Programming and Mapping for Mixed Heterogeneous Devices: The Case of Optical Flow

Abstract

Current parallel systems are increasingly heterogeneous, mixing devices of different types and computing capabilities. Exploiting multiple different devices for the same application continues to be a challenge that ranges from technical problems related to synchronizing and communicating diverse devices to problems of load distribution and flexibility to adjust the computation to the platform resources. In this work, we study the problem of using and extending a heterogeneous portability layer to program and adapt HSOpticalFlow to heterogeneous platforms. HSOpticalFlow is a streaming application to estimate the apparent movement of objects in a sequence of images. It is a simple but characteristic example of the structure of applications based on multilevel ILS (Iterative Loop Stencil), also known as multi-grid methods, applied to a sequence of inputs. Starting from the original CUDA reference code, we present a methodology and programming techniques based on the Controller programming model to implement it as a pipeline among multiple devices. We discuss a technique to determine a proper work partition and mapping for a set of devices. This allows for building very efficient parallel solutions, using similar devices or taking advantage of devices with lower computing power, to reduce the load and increase the productivity of more powerful ones.
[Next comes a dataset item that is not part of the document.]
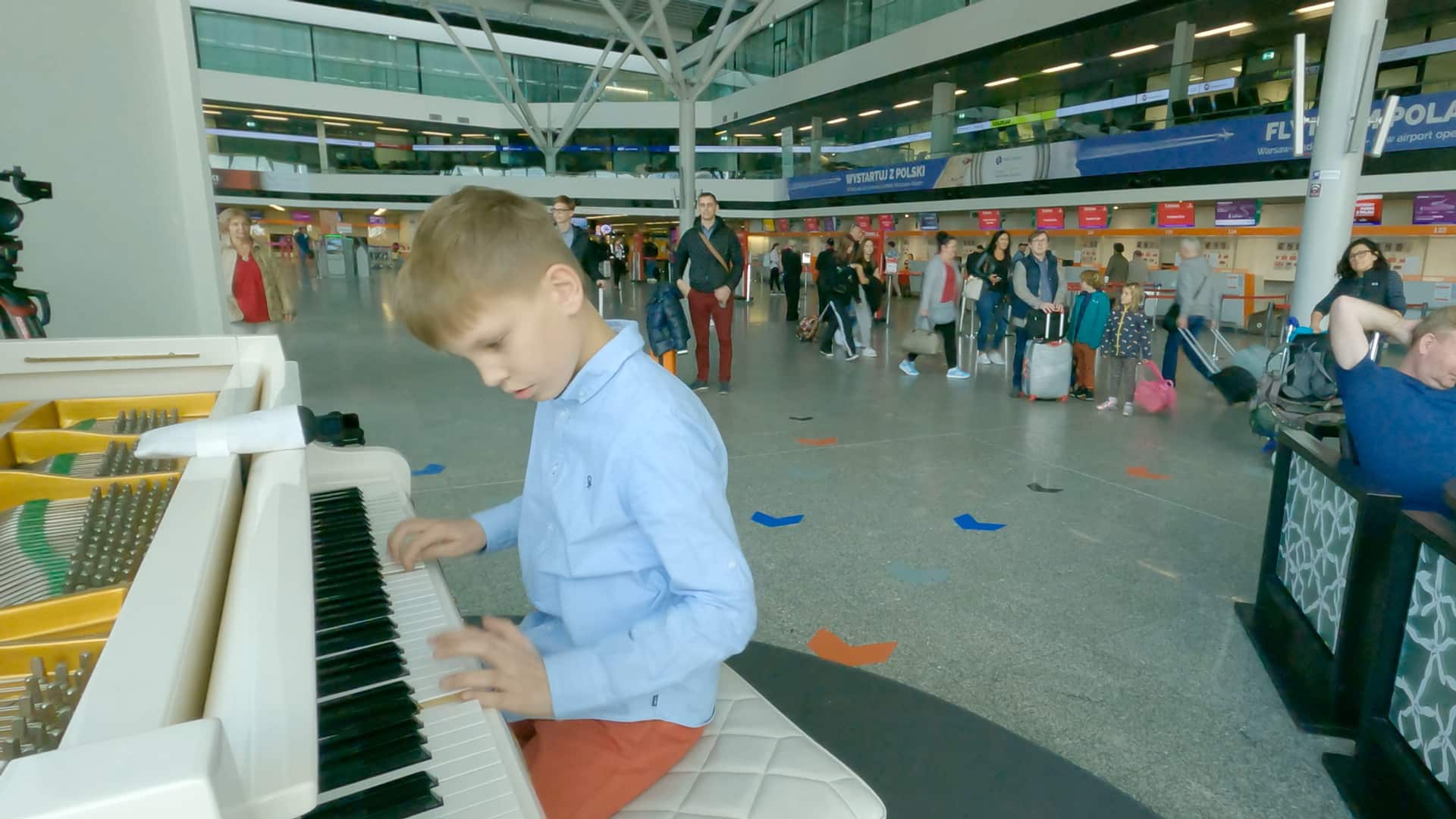 ワルシャワ・ショパン空港のストリートピアノ polandwarsawchopinpianolittlepianiststreetpianoclassicalmusicairportairportpianochopinbolerofryderykchopinホーランドワルシャワワルシャワショパン空港ストリートピアノ。

We present the results of an experimental study using several GPUs of different vendors, architectures, and generations, showing that this solution allows combinations of devices to be efficiently exploited to improve performance. Specifically, the results include speedups of 1.91x using two NVIDIA A100 GPUs and 1.21x using one NVIDIA V100 GPU and one AMD WX9100 GPU, which is about 3x slower than the NVIDIA GPU for this application.